Wally Buran is the president of CrisisRisk Strategies, LLC Due Diligence Division and the Managing Director of CXO Advisors. Wally has over 35 years of management and consulting experience and has worked with public companies in a variety of industries including aerospace & defense, airlines, automotive, beverages, chemicals, consumer products, electronics, food, health care, industrial products, medical devices, paper, plastics, tire & rubber, transportation, and utilities. 

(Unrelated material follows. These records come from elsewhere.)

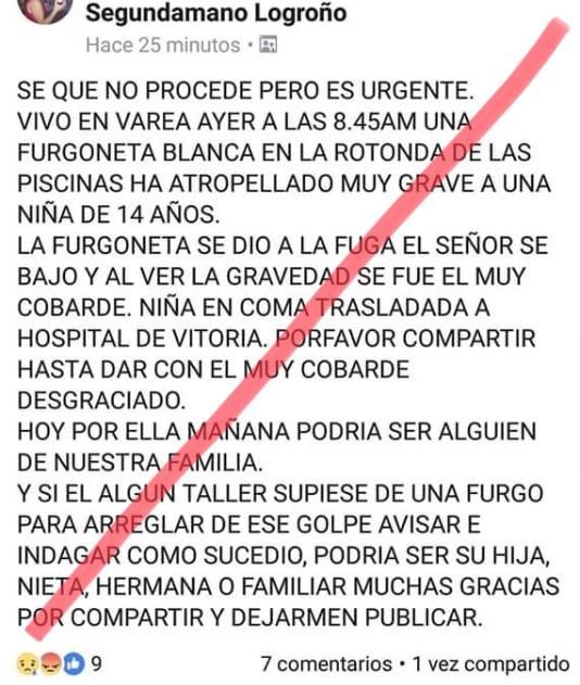 A raíz de este suceso, ha comenzado a circular a través de las redes sociales y los grupos de WhatsApp un mensaje que solicita la colaboración ciudadana para localizar al conductor de la furgoneta que, supuestamente, “se dio a la fuga al ver la gravedad del accidente”.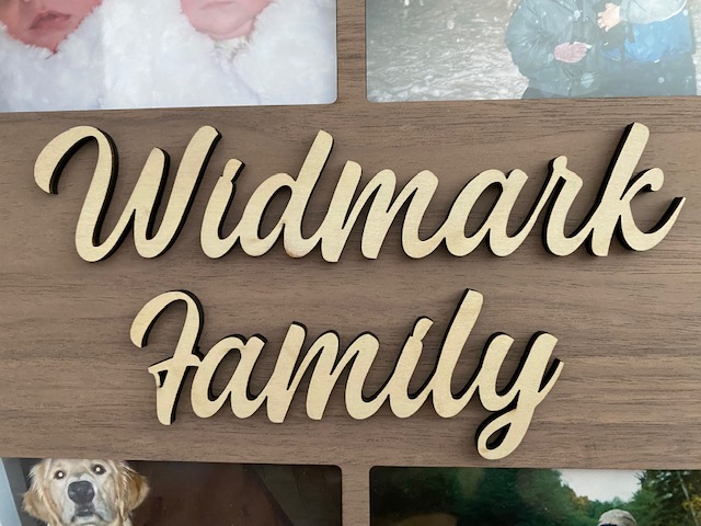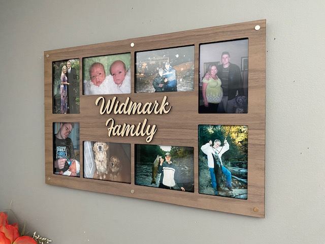 Laser cut from birch plywood on the back with walnut plywood front. Has an acrylic sheet in the middle to protect your photos. Adding photos to your collage is very easy with scribed lines on the back for perfect placement. Recommend to use double sided tape to ensure your pictures won’t move. Simply unscrew the binding screws to add or replace your pictures. Has a sawtooth hanger for mounting.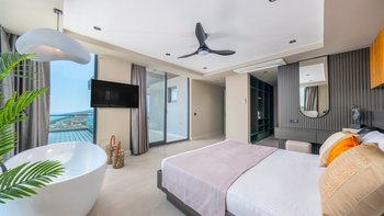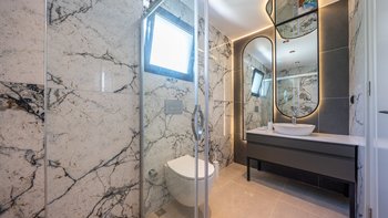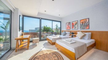 Diese Etage verfügt über ein Kingsize-Doppelzimmer mit stilvollem en-suite Duschbereich, das nahtlos in das Schlafzimmer integriert ist und ein modernes, offenes Design bietet. Es gibt auch ein Zweibett-Schlafzimmer mit Dusche en-suite. Auf der ersten Etage befinden sich drei helle und luftige Schlafzimmer mit jeweils einem Duschbad en-suite und einer außergewöhnlichen Aussicht auf Kalkan.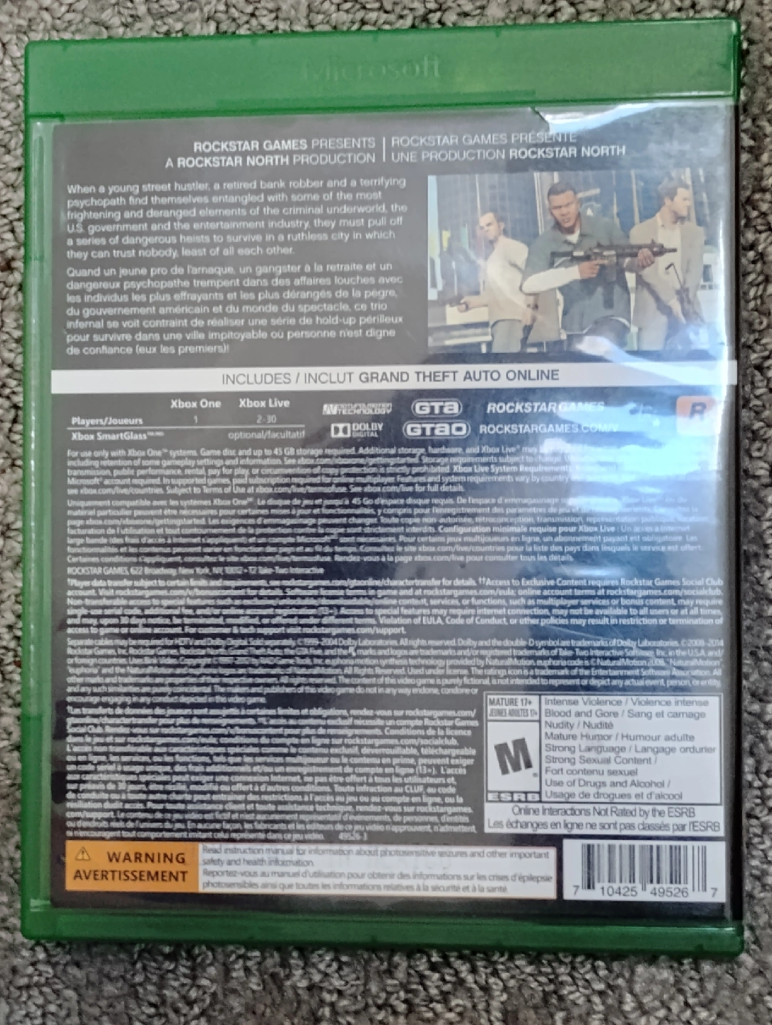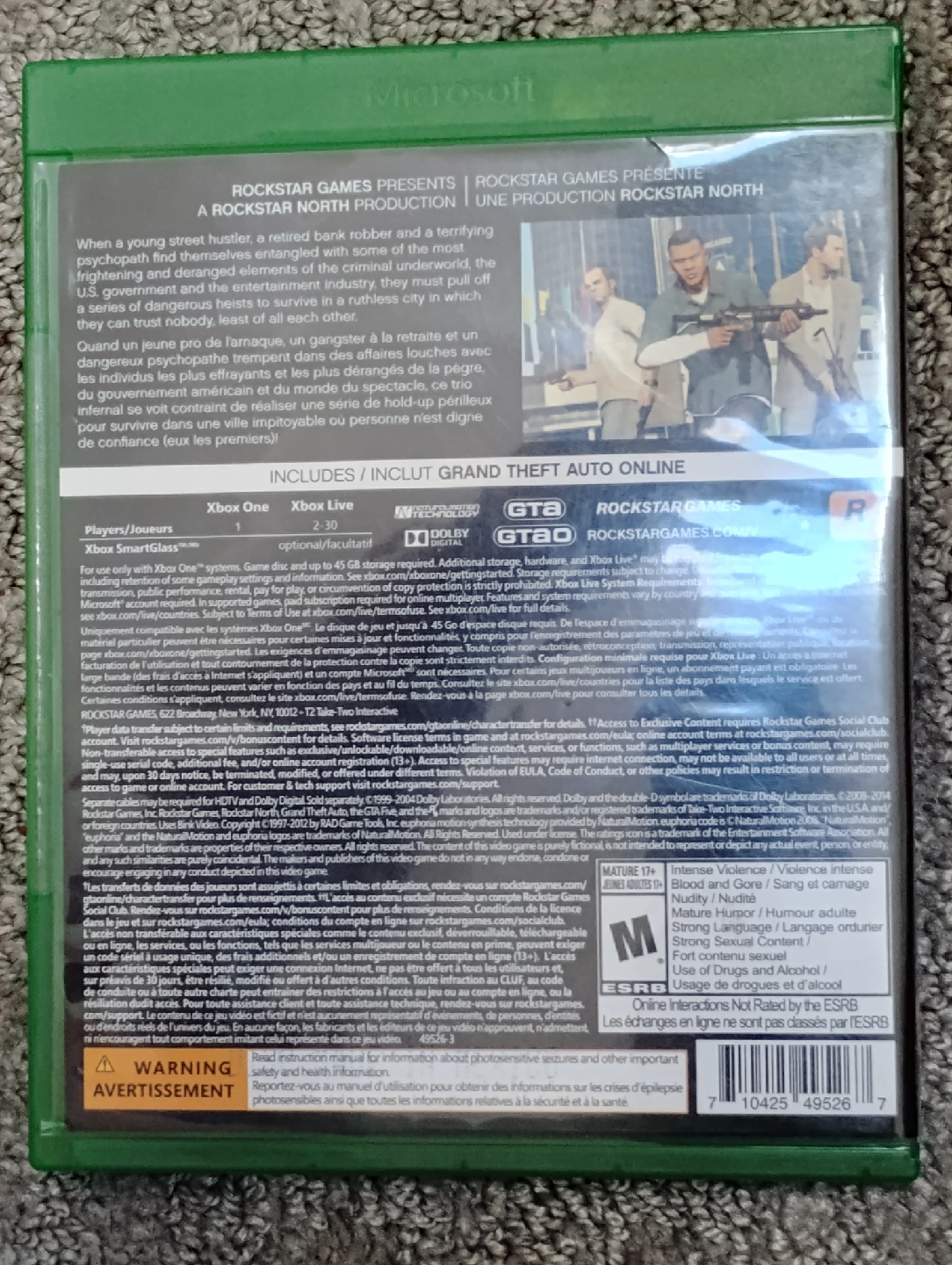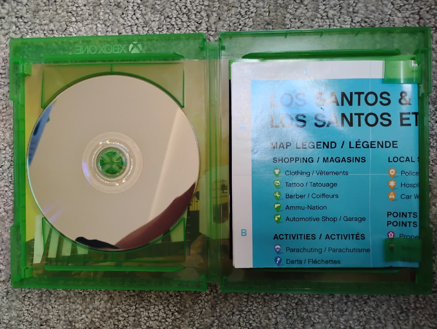 Selling Grand Theft Auto V for Xbox One. Includes the game disc and map. Ready for a new player!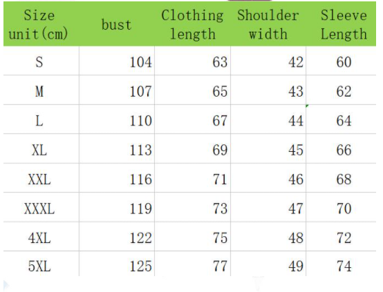 All kind of sizes: From S to 5XL (Please use the chart below to find your perfect size).

He was the CEO of Worldcrest, one of KKR’s portfolio companies, and led the Strategy Deployment Practice of Monitor Group, IBM’s Global Operations Strategy Practice, was a senior Partner with Deloitte Consulting and KPMG. In consulting, he managed and led assignments in strategy, mergers and acquisitions, enterprise transformation, supply chain, sales and marketing, and global sourcing.  

He has authored and directed multiyear research on Enterprise Transformation, Corporate Risk Management, Frontier Management Practices, and Shareholder Value Creation. He has served on the National Science Foundation, teaches in university and company based Executive Development Programs. At the Georgia Institute of Technology, he serves on Advisory Board of the School of Industrial and Systems Engineering, was the Edenfield Executive in Residence, and helped establish and build the Tennenbaum Institute for Enterprise Transformation.